这道题让我们求一棵二叉树的所有左子叶的和,那么看到这道题我们知道这肯定是考二叉树的遍历问题,那么最简洁的写法肯定是用递归,由于我们只需要累加左子叶之和,那么我们在进入递归函数的时候需要知道当前结点是否是左子节点,如果是左子节点,而且该左子节点再没有子节点了说明其是左子叶,那么我们将其值加入结果res中,我们用一个bool型的变量,如果为true说明当前结点是左子节点,若为false则说明是右子节点,不做特殊处理,整个来说就是个递归的先序遍历的写法,参见代码如下:
/// Recursion
/// Time Complexity: O(n)
/// Space Complexity: O(h)
/// Definition for a binary tree node.
struct TreeNode {
int val;
TreeNode *left;
TreeNode *right;
TreeNode(int x) : val(x), left(NULL), right(NULL) {}
};
class Solution {
private:
int res = 0;
public:
int sumOfLeftLeaves(TreeNode* root) {
if(!root) return 0;
dfs(root, false);
return res;
}
private:
void dfs(TreeNode* node, bool isLeft){
if(!node->left && !node->right){
if(isLeft) res += node->val;
return;
}
if(node->left) dfs(node->left, true);
if(node->right) dfs(node->right, false);
}
};
问题7:Binary Tree Paths
/// Recursive
/// Time Complexity: O(n), where n is the node's number in the tree
/// Space Complexity: O(h), where h is the height of the tree
class Solution {
public:
vector<string> binaryTreePaths(TreeNode* root) {
vector<string> res;
//递归的终止条件
if(root == NULL)
return res;
//只有根节点
if(root->left == NULL && root->right == NULL){
res.push_back(to_string(root->val));
return res;
}
vector<string> leftPaths = binaryTreePaths(root->left);//获得左子树所有路径
for(int i = 0 ; i < leftPaths.size() ; i ++)

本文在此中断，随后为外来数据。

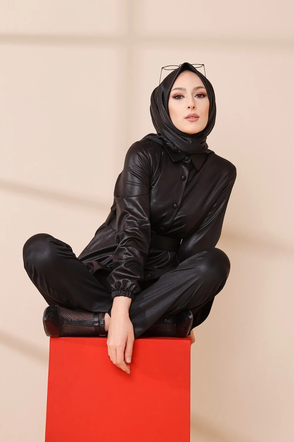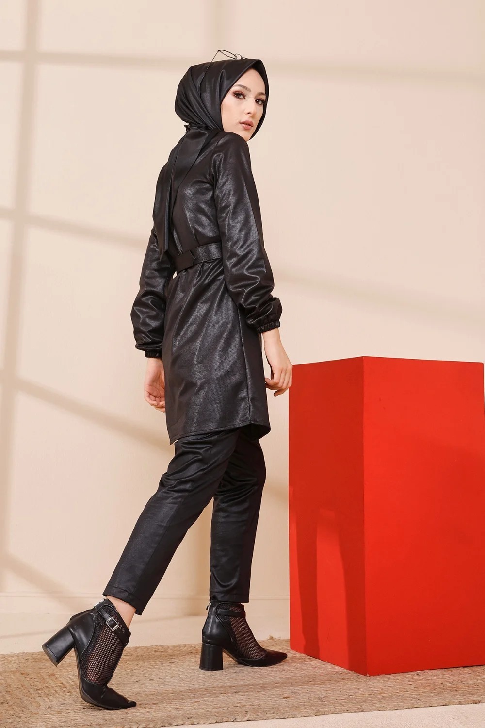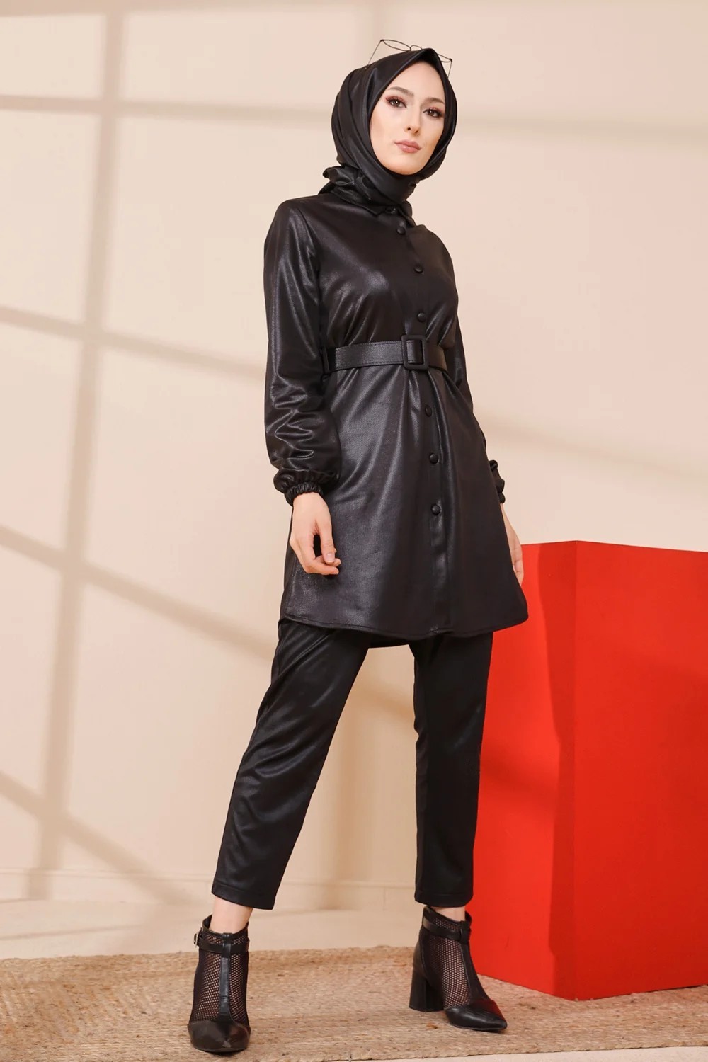 Tunique brillante avec ceinture pour femme (Tenue chic pour hijab) - Couleur noir Vetement & Accessoire

res.push_back(to_string(root->val) + "->" + leftPaths[i]);
vector<string> rightPaths = binaryTreePaths(root->right);//得右子树所有路径
for(int i = 0 ; i < rightPaths.size() ; i ++)
res.push_back(to_string(root->val) + "->" + rightPaths[i]);
return res;
}
};问题8:Path Sum II
原题
Given a binary tree and a sum, find all root-to-leaf paths where each path’s sum equals the given sum.

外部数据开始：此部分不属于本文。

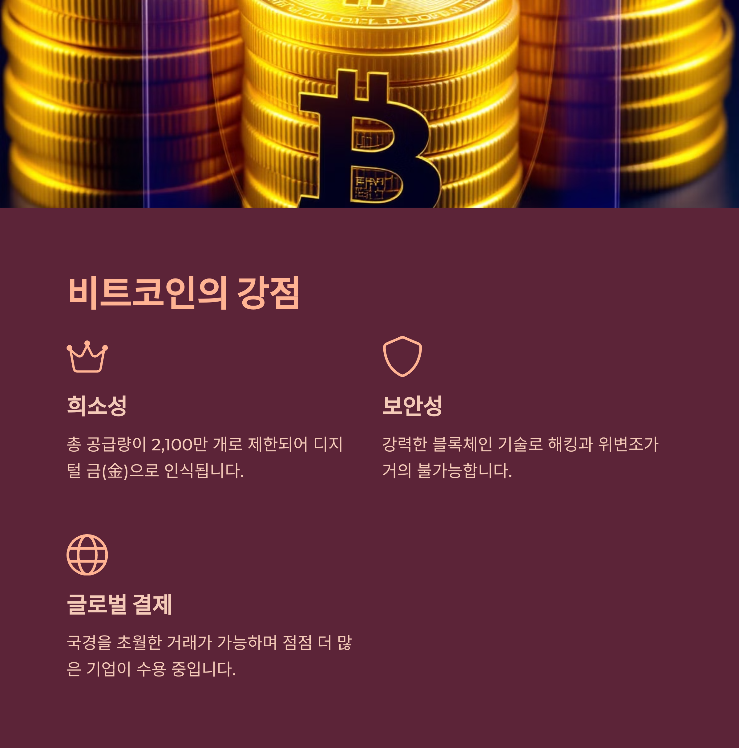 | 비트코인의 특징 | 가치 저장 수단, 공급량 제한, 결제 기능 |
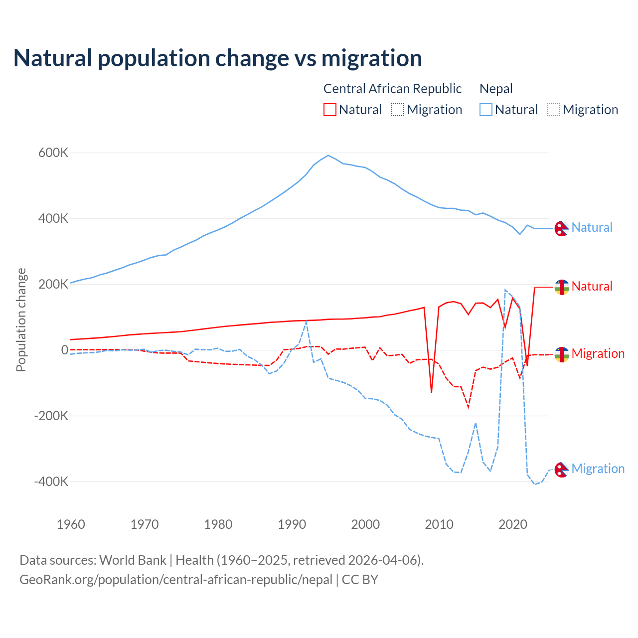 Over the last 10 years, 66.7% of the population change in the Central African Republic is from natural causes (a gain of 1,164,312 people) and 33.3% is from migration (a loss of 580,593 people). In Nepal 67.9% is from natural causes (a gain of 3,909,749 people) and 32.1% is from migration (a loss of 1,851,664 people).
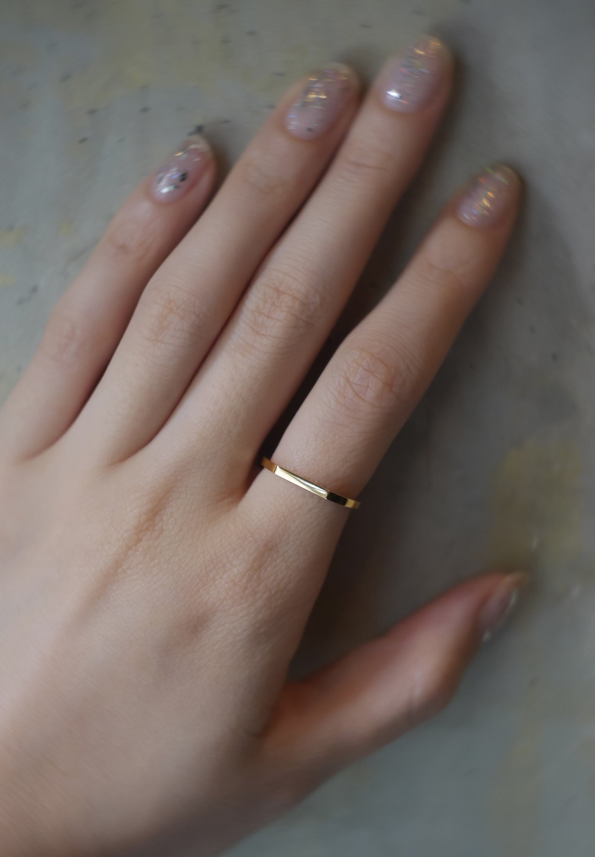 ウェディングバンドリング"KNIGHTSBRIDGE"(ナイツブリッジ)。騎士の姿を想起させるような洗練されたフォルムと、大河に架かる橋のような重厚感のあるボリューム。無駄のない端正な形と威厳ある雰囲気が同居するリングはそこにあるだけで特別で壮麗な力を感じさせます。

Note: A leaf is a node with no children.
Example:
Given the below binary tree and sum = 22,
5
/ \
4 8
/ / \
11 13 4
/ \ / \
7 2 5 1
Return:
[
[5,4,11,2],
[5,8,4,5]
]
class Solution {
public:
vector<vector<int>> pathSum(TreeNode* root, int sum) {
vector<vector<int>> res;
if(!root)
return res;
vector<int> tres;
dfs(root, tres, 0, sum, res);
return res;
}
private:
/**
*进行深度优先遍历
* @param node 当前节点
* @param tres 把路径保存到这
* @param tsum 临时和,用来判断找到的路径的和是否和总和相同
* @param sum 总和(已知)
* @param res 所有路径保存到这
*/
void dfs(TreeNode* node, vector<int>& tres, int tsum,
int sum, vector<vector<int>>& res){
tres.push_back(node->val);
tsum += node->val;
//只有根节点的时候或者是已经没有子结点,就是已经遍历完了
if(!node->left && !node->right){
if(tsum == sum)
res.push_back(tres);
}
else {
if (node->left)
dfs(node->left, tres, tsum, sum, res);
if (node->right)
dfs(node->right, tres, tsum, sum, res);
}
//把tres容器里面的元素删除
tres.pop_back();
return;
}
};问题9:Sum Root to Leaf Numbers
Given a binary tree containing digits from 0-9 only, each root-to-leaf path could represent a number.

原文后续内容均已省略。